Weak economic data, lack of productivity gains and earnings hamper the market. Friday’s payrolls data left the market and investors disappointed. April’s employment gains came in at 160k versus expectations calling for a gain of 200k. The official Unemployment Rate stands at 5%.
Though the employment data for April was light, it wasn’t a shock given the consistent theme of below consensus economic data we have been receiving in recent weeks. It was the weakest monthly employment number in seven months. However, the report wasn’t all bad. The Labor Force Participation Rate continued to hold relatively steady at 62.9, only fractionally lower than March’s 63. Average Hourly Earnings (0.3%) and Average Work Week (34.5 hrs.) were in line.
The fact is that weak economic expansion coupled with the stall in productivity gains may well lead to further weakness in employment gains in coming months.
Despite the misdirection provided by the employment data, markets did firm and close with gains on the session Friday. The S&P 500 (+0.32%), Dow Industrials (+0.45%) and Nasdaq (+0.40%) rallied into the closing bell though volume was mixed, rising on the Nasdaq (+1.98%) and slipping on the NYSE (-5.3%). Weak results and poor price performance by the likes of TSLA and AAPL have weighed heavily on the Nasdaq and broader market.
The strength in equities on Friday may speak to the increased likelihood that a move by the Fed in June, given the weak economic data and Friday’s employment report miss, is increasingly less probable. Additionally, support for no action on rates by the Fed in June comes from concern over the Brexit narrative and the potential for global market volatility.
I remain in the camp that believes the Fed may yet prove investors wrong and raise in June.

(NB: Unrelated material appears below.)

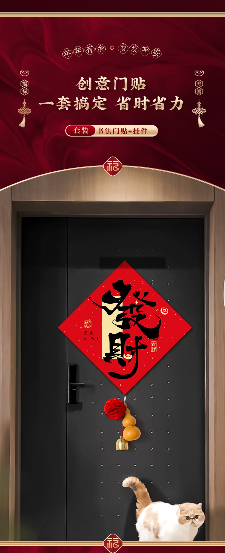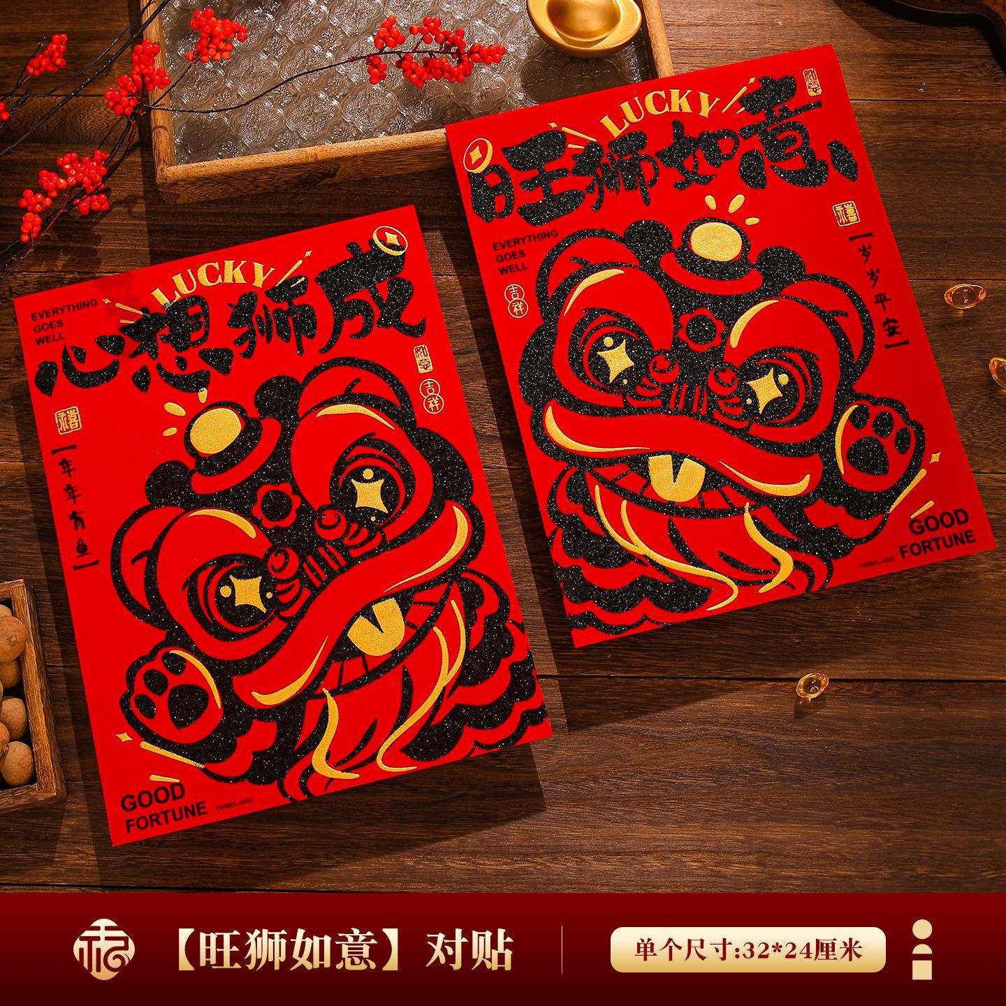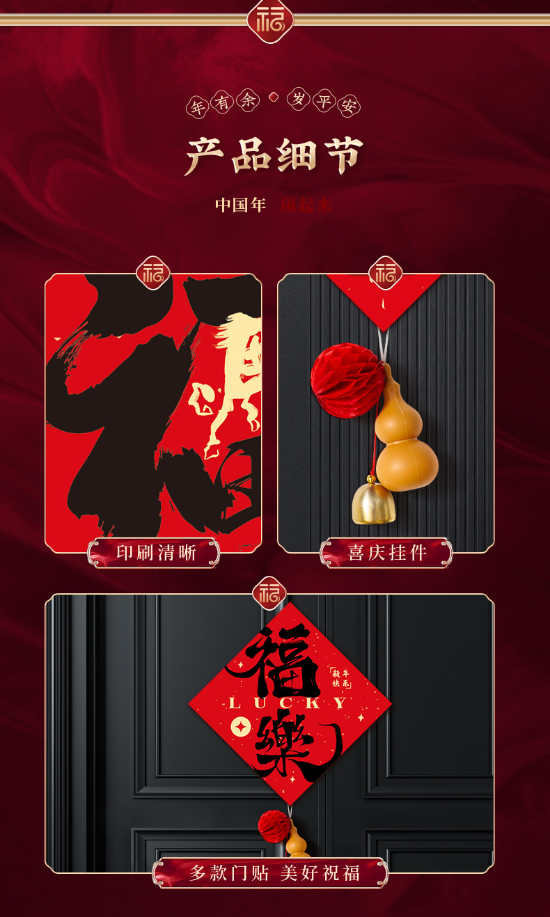 新年元旦春节装饰福字门贴2026马年入户门贴纸斗方福挂件场景布置

It was encouraging to see the market gain ground on Friday but it was still a losing week. Though last week we did not see the type of pullback I was expecting, I still think it is in the cards for this week. It may be the result of the Greek debt talks, it may be earnings and/or it may come from economic data. Irrespective of where it comes from, I suspect the weak price action we have seen over the previous three weeks will ultimately lead to a move lower for US equities.